Starting with that extraordinary subterranean bassline that sounds as if it has been treated made to sound as deep as possible, underwater almost; it’s an amazing sound, so resonant and intense. This foregrounding, in itself, upends conventions, it seems to me, in that 99% of the time a hip-hop song starts with the beat stating that this is what counts. Notice this, this beat as the structure the way this music is built. This meandering sound encourages us to listen differently; I appreciate that.

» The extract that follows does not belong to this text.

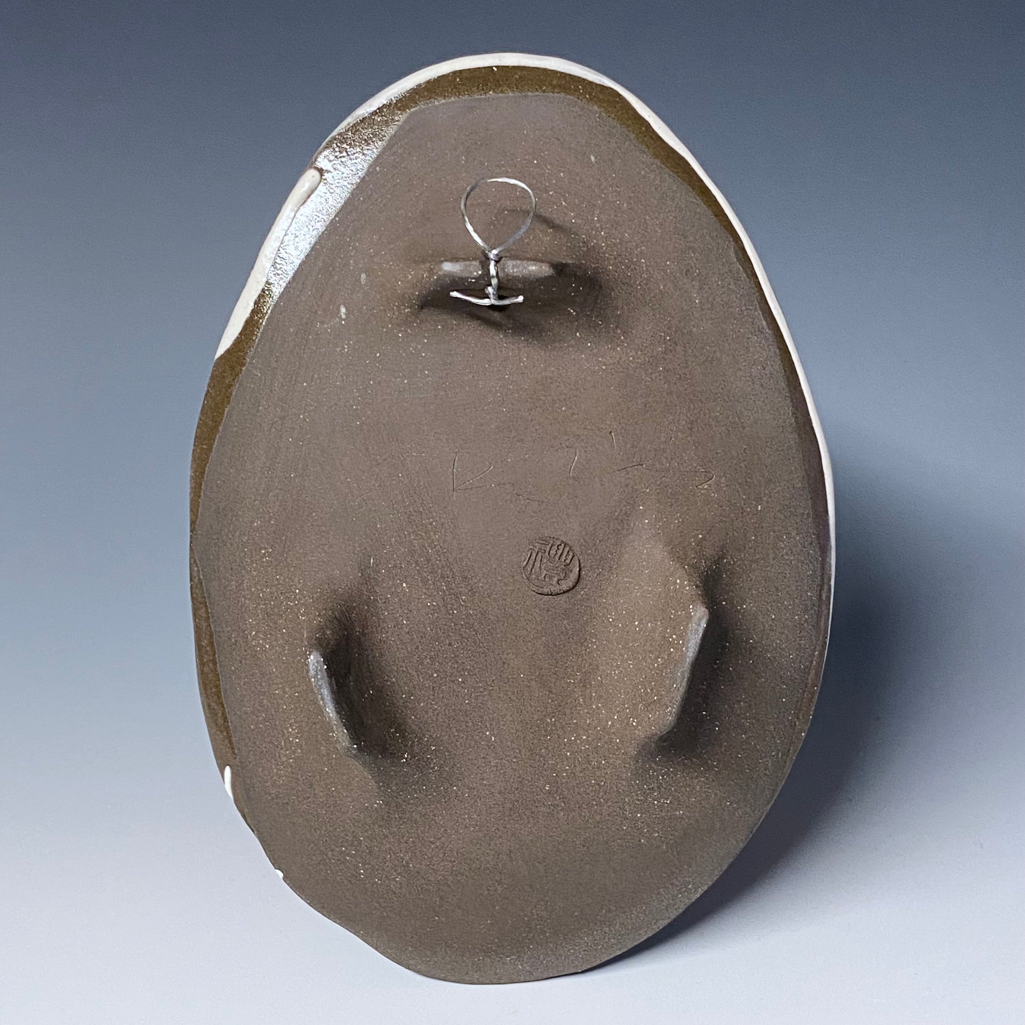Brown stoneware with white slip, black underglaze, glaze stain, line inlay, and sgraffito decoration.

Philadelphia producer Antman Wonder – who has been working closely with DJ Premier, they worked on another track together on Barrel Brothers, 'Aura' - has released a series of really strong instrumental albums that are highly distinctive and reflect a new hip-hop aesthetic that is smart, constructed (I aim to return to them later, hopefully after an interview with him).
When listening to ‘Memorabilia’ you can hear the perfect structure via the way Antman Wonder introduces the elements at the same intervals that you would find in a jazz composition – at 30 seconds, 20 seconds later and then at 1 minute increases. But what I notice, and like, is the way he doesn’t just place them there – as if to say, hey check this out, or look at me – but rather makes them work together with great modesty and intelligence that reflects an acknowledgement of and respect for his predecessors, alongside a depth of knowledge of musical conventions.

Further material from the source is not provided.